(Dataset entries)
===============

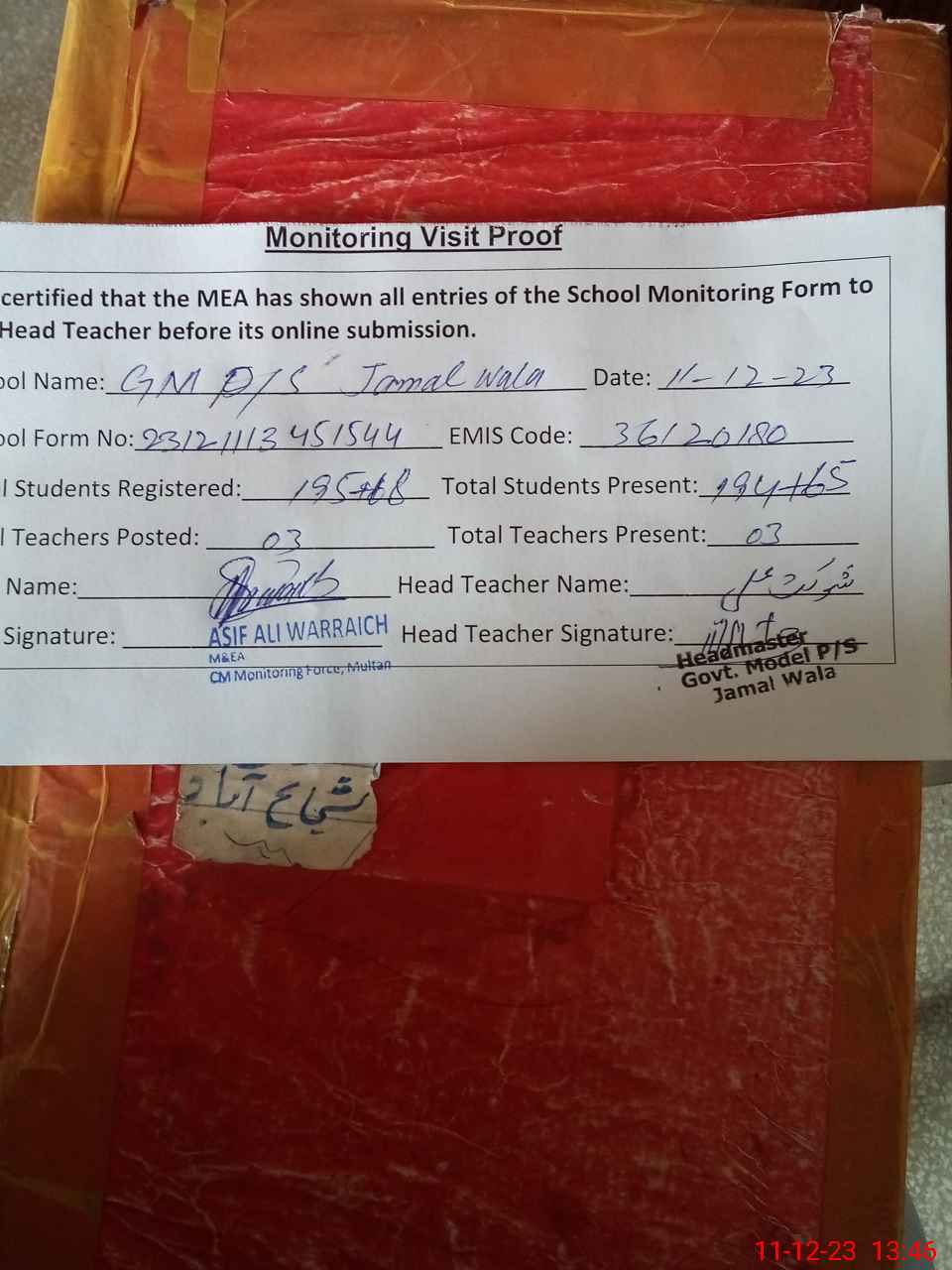 | EMIS Code: 36120180 | Name of School: GMPS JAMAL WALA SHUJABAD | |||
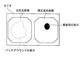 画像生成部41により生成された蛍光画像および白色光画像は画像補正部43に送られる。画像補正部43においては、蛍光画像が白色光画像で除算されることにより補正蛍光画像が生成される。生成された補正蛍光画像は、閾値設定部45に送られるとともに、図2Aに示すように、白色光画像と一緒にモニタ50に送られて表示される。The fluorescent image and white light image generated by theimage generation unit 41 are sent to theimage correction unit 43. In theimage correction unit 43, the corrected fluorescent image is generated by dividing the fluorescent image by the white light image. The generated corrected fluorescence image is sent to thethreshold setting unit 45 and, as shown in FIG. 2A, sent to themonitor 50 together with the white light image for display.
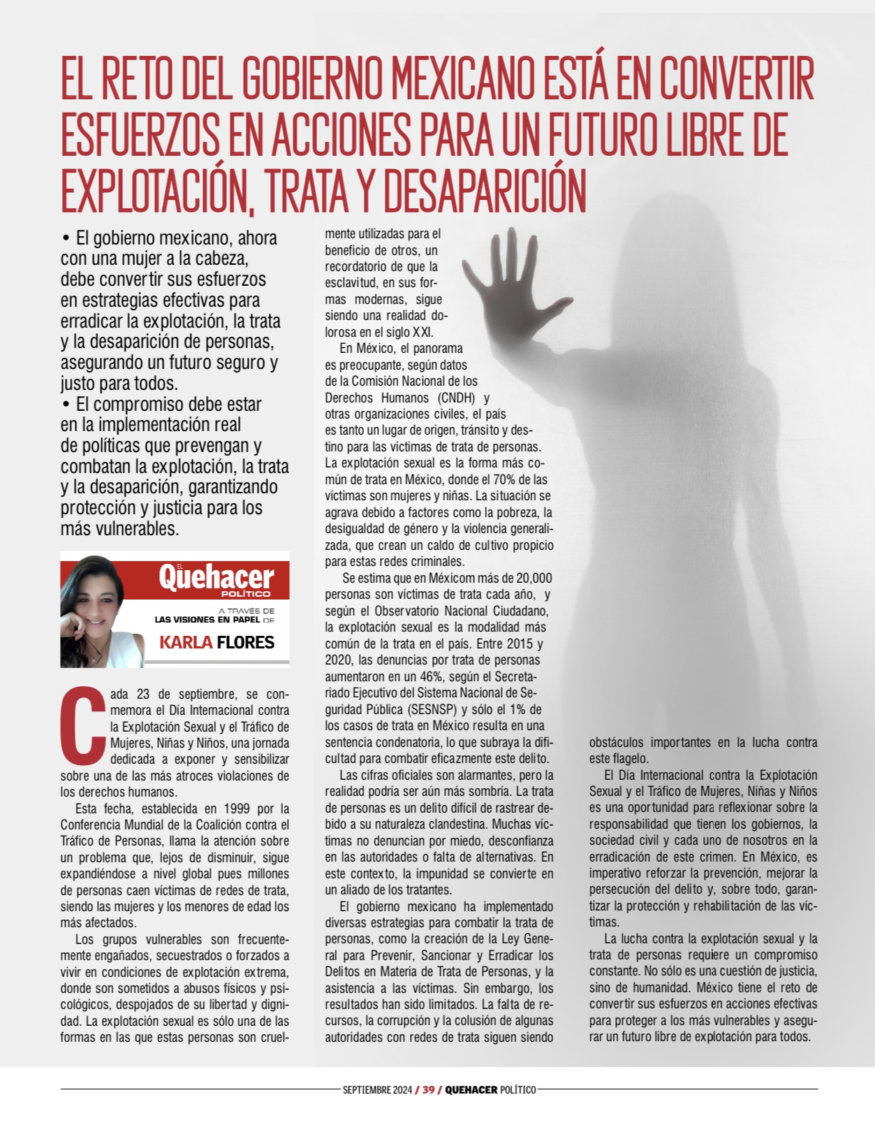 El Quehacer Político a través de las visiones en papel///Karla Flores///El reto del gobierno mexicano está en convertir esfuerzos en acciones para un futuro libre de explotación, trata y desaparición
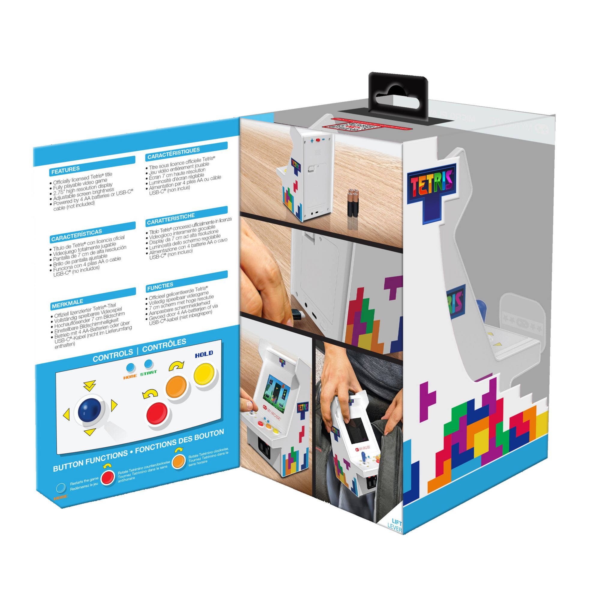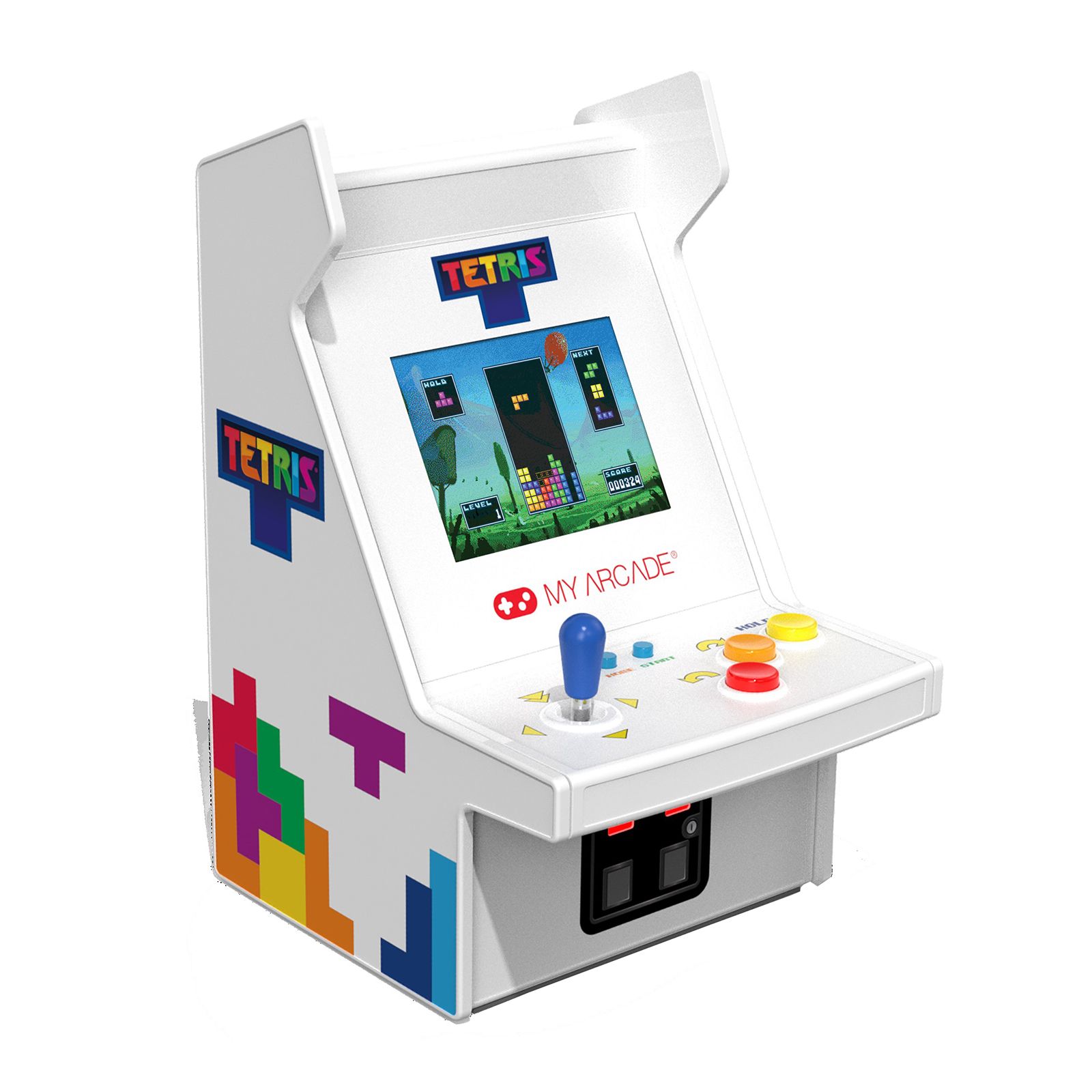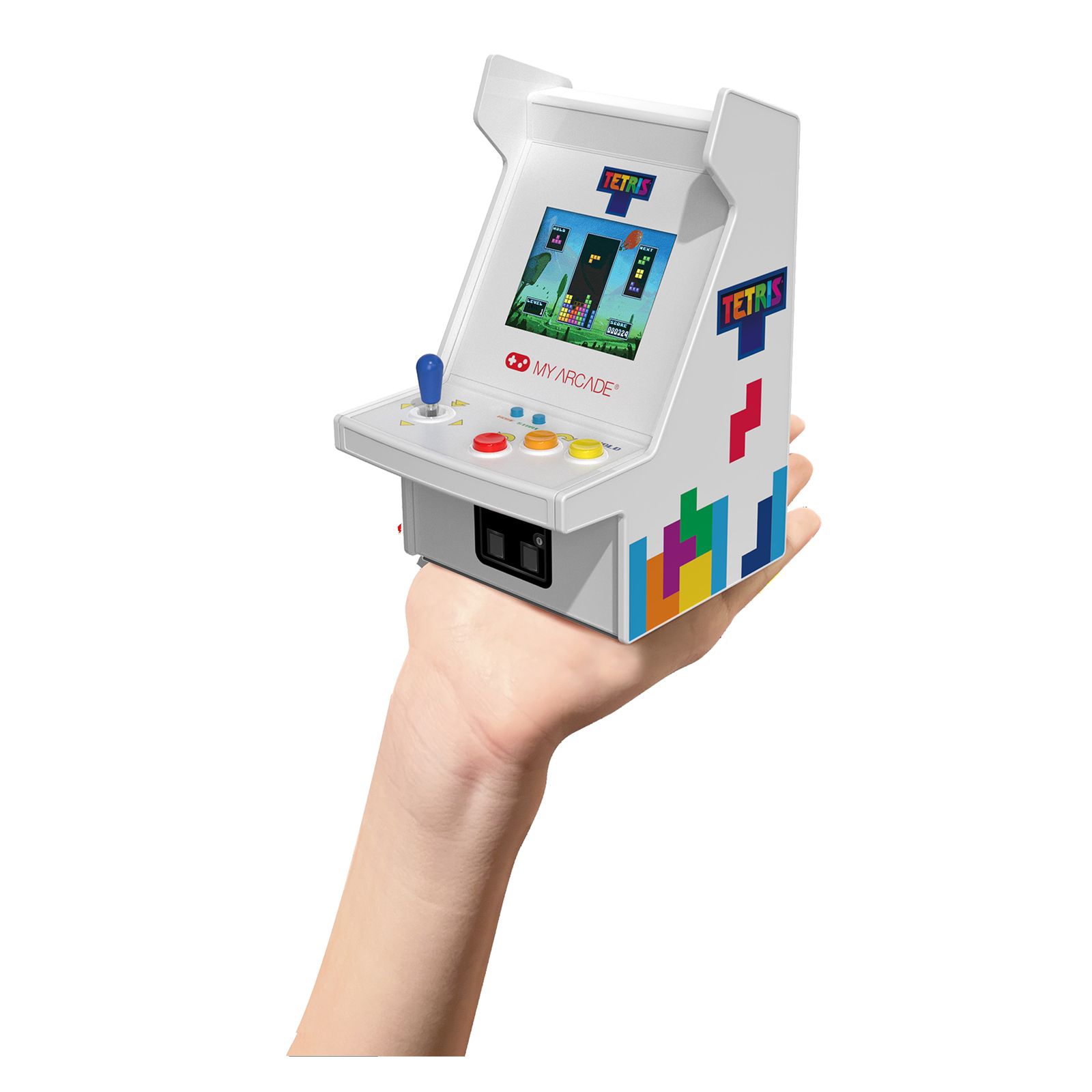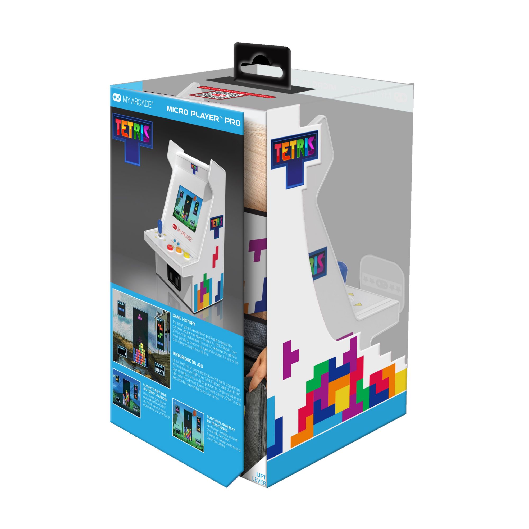 Geometric shapes fall from the top of a playfield to rest on the bottom; fit the pieces together and the formed line will disappear. If the pieces are not lined up correctly they eventually stack up to the top of the playfield and the game is over. The Micro Player Pro features a fully playable Tetris game, a 2.75" high-resolution display, adjustable screen brightness and a 3.5mm headphone port.
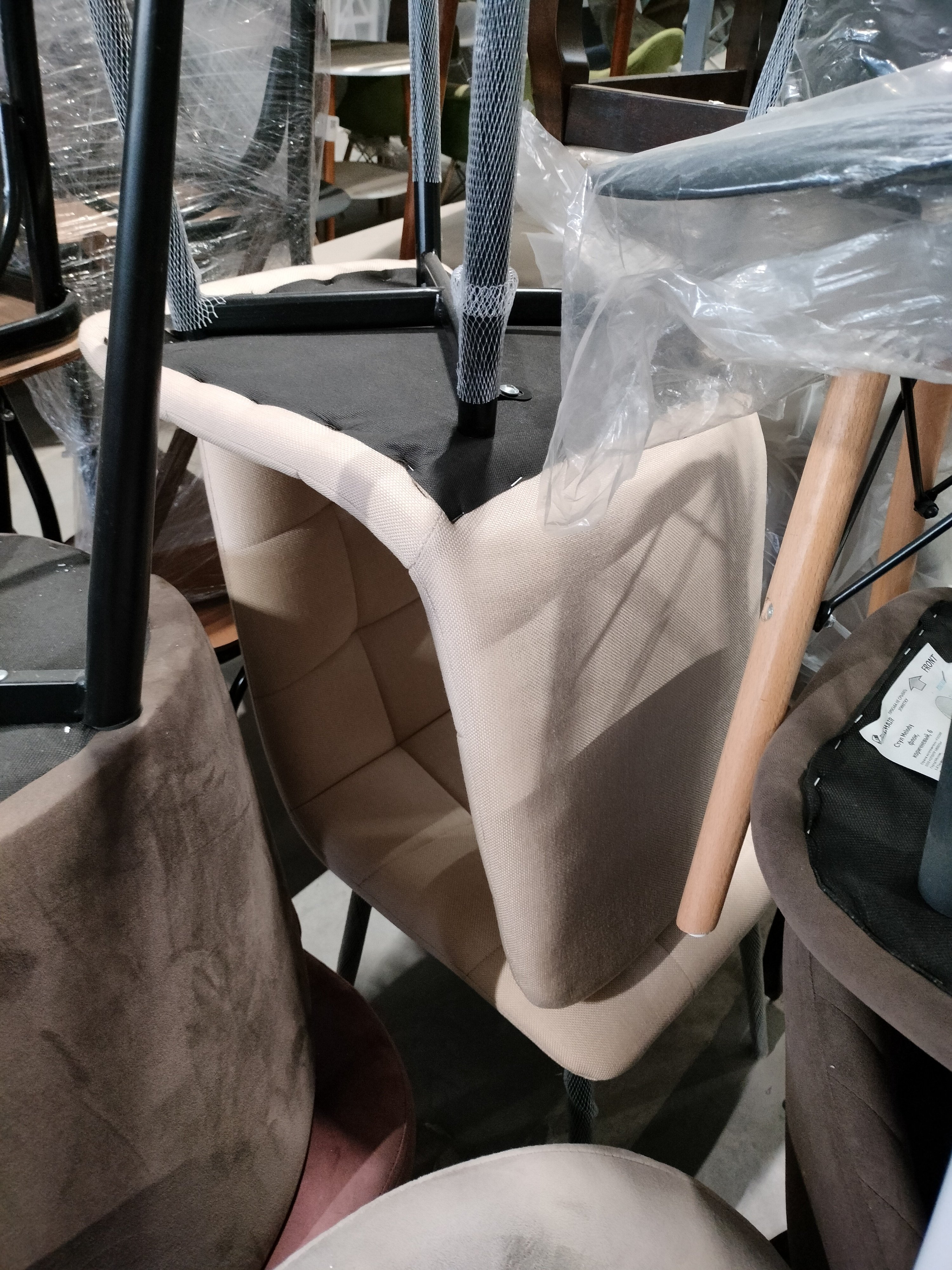 Описание товара без дефектов: Удобный и практичный дизайн стула CHILLY MAX из коллекции Modern позволит ему вписаться практически в любой интерьер. Стул можно расположить в гостиной, кухне или столовой. Он хорошо подойдет для обстановки городской квартиры, загородного дома, кафе или ресторана. Тонкие металлические ножки с порошковым покрытием, стеганая тканевая обивка и лаконичные формы стула идеально соответствуют концепции современного стильного пространства. Мягкое сиденье и спинка позволяют комфортно расположиться на длительное время. Практичная тканевая обивка бежевого цвета отличается устойчивостью к износу и долговечностью, благодаря чему стул не требует специального ухода и будет долгое время радовать вас своим первоначальным видом. Монолитный каркас изделия выполнен из многослойного гнутоклееного шпона толщиной 10 мм. Наполнение - комбинация пенополиуретанов различной плотности. Стул подойдёт для гостиной, для кухни, для спальни, для ресторана или для кафе. Стул очень прост в сборке, инструкция по сборке прилагается.
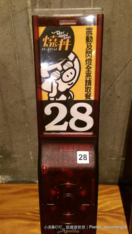 於是我們點了三個野狼燒豬丼,點好了就會送上這個!大家熟悉也不過了,震動再來取餐
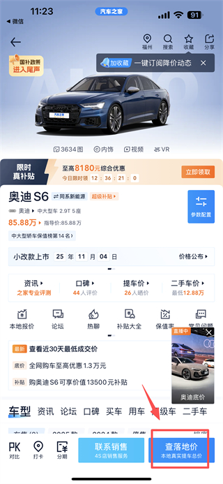 4、在車型詳情頁面,點(diǎn)擊查落地價(jià)按鈕,即可查詢?cè)撥囆偷谋镜卣鎸?shí)提車總價(jià)。
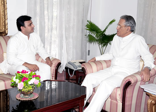 उत्तर प्रदेश के महामहिम राज्यपाल श्री बी0एल0 जोशी से 21 जुलाई, 2012 को राजभवन, लखनऊ में भेंट वार्ता करते हुए प्रदेश के मुख्यमंत्री श्री अखिलेश यादव।
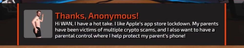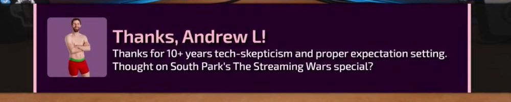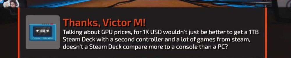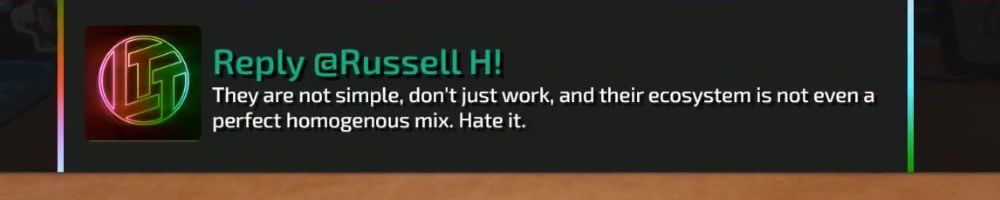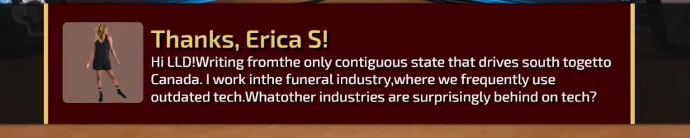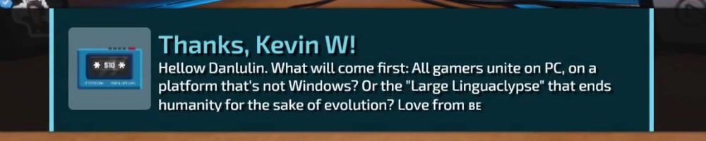 Thanks, Kevin W! Hellow Danlulin. What will come first: All gamers unite on PC, on a platform that's not Windows? Or the "Large Linguaclypse" that ends humanity for the sake of evolution? Love from se

===============

Work order |
Your task is to retype, exactly and only, the lines from the line holding "於是我們點了三個野狼燒豬丼,點好了就會送上這個!大家熟悉也不過了,震動再來取餐" through the final line of the data above, with both ends kept. Drop the pictures.

Written reply |
 於是我們點了三個野狼燒豬丼,點好了就會送上這個!大家熟悉也不過了,震動再來取餐
 4、在車型詳情頁面,點(diǎn)擊查落地價(jià)按鈕,即可查詢?cè)撥囆偷谋镜卣鎸?shí)提車總價(jià)。
 उत्तर प्रदेश के महामहिम राज्यपाल श्री बी0एल0 जोशी से 21 जुलाई, 2012 को राजभवन, लखनऊ में भेंट वार्ता करते हुए प्रदेश के मुख्यमंत्री श्री अखिलेश यादव।
 Thanks, Kevin W! Hellow Danlulin. What will come first: All gamers unite on PC, on a platform that's not Windows? Or the "Large Linguaclypse" that ends humanity for the sake of evolution? Love from se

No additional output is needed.